=== Begin Enclosure ===
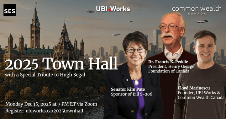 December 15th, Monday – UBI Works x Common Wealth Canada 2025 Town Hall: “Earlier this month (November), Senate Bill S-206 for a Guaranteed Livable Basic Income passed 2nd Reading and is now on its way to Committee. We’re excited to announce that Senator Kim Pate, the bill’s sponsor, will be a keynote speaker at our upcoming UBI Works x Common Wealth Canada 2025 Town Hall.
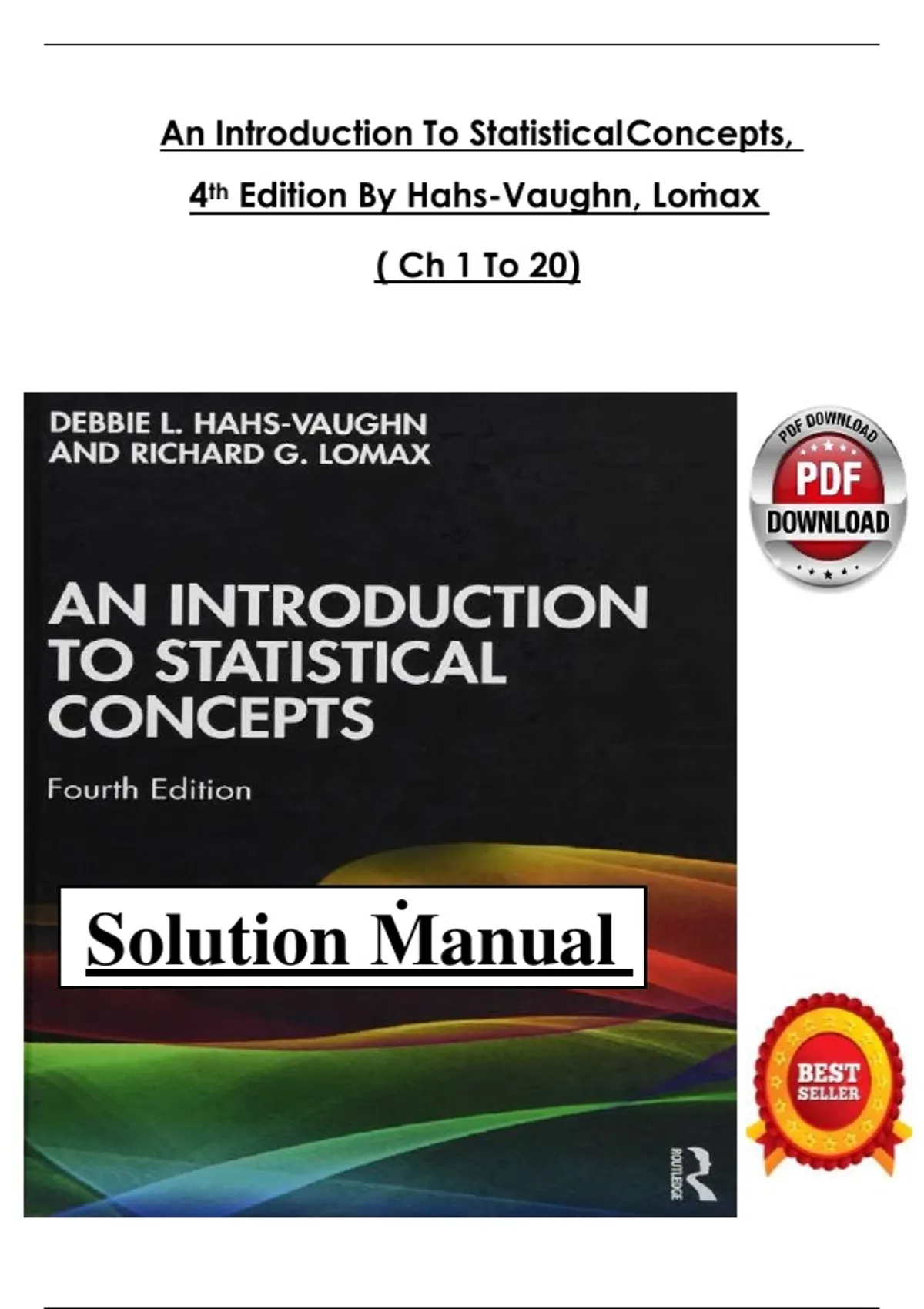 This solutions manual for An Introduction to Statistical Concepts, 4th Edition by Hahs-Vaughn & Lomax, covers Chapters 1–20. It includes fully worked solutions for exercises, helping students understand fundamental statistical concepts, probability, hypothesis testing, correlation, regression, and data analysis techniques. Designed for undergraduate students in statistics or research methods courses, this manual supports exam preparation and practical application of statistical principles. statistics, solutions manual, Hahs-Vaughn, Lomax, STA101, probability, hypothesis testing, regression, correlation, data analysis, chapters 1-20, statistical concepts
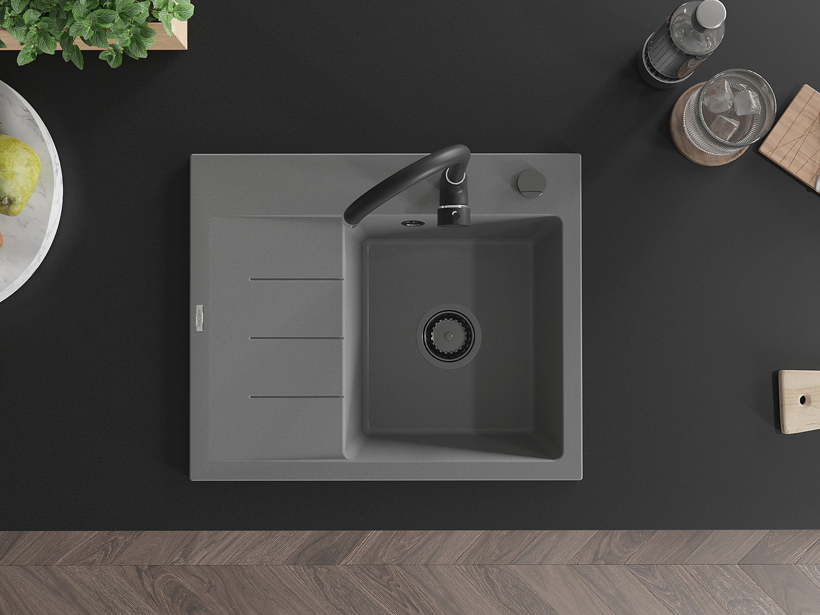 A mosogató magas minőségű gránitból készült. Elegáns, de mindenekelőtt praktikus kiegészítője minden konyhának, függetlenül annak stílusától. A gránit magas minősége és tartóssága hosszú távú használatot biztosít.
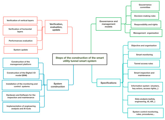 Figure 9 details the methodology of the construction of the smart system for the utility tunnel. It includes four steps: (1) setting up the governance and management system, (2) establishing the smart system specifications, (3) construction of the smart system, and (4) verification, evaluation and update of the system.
=== End Enclosure ===
• WHAT NEEDS TO BE DONE
Output the listing above in full and exactly, with pictures excluded.

• REPLY
 December 15th, Monday – UBI Works x Common Wealth Canada 2025 Town Hall: “Earlier this month (November), Senate Bill S-206 for a Guaranteed Livable Basic Income passed 2nd Reading and is now on its way to Committee. We’re excited to announce that Senator Kim Pate, the bill’s sponsor, will be a keynote speaker at our upcoming UBI Works x Common Wealth Canada 2025 Town Hall.
 This solutions manual for An Introduction to Statistical Concepts, 4th Edition by Hahs-Vaughn & Lomax, covers Chapters 1–20. It includes fully worked solutions for exercises, helping students understand fundamental statistical concepts, probability, hypothesis testing, correlation, regression, and data analysis techniques. Designed for undergraduate students in statistics or research methods courses, this manual supports exam preparation and practical application of statistical principles. statistics, solutions manual, Hahs-Vaughn, Lomax, STA101, probability, hypothesis testing, regression, correlation, data analysis, chapters 1-20, statistical concepts
 A mosogató magas minőségű gránitból készült. Elegáns, de mindenekelőtt praktikus kiegészítője minden konyhának, függetlenül annak stílusától. A gránit magas minősége és tartóssága hosszú távú használatot biztosít.
 Figure 9 details the methodology of the construction of the smart system for the utility tunnel. It includes four steps: (1) setting up the governance and management system, (2) establishing the smart system specifications, (3) construction of the smart system, and (4) verification, evaluation and update of the system.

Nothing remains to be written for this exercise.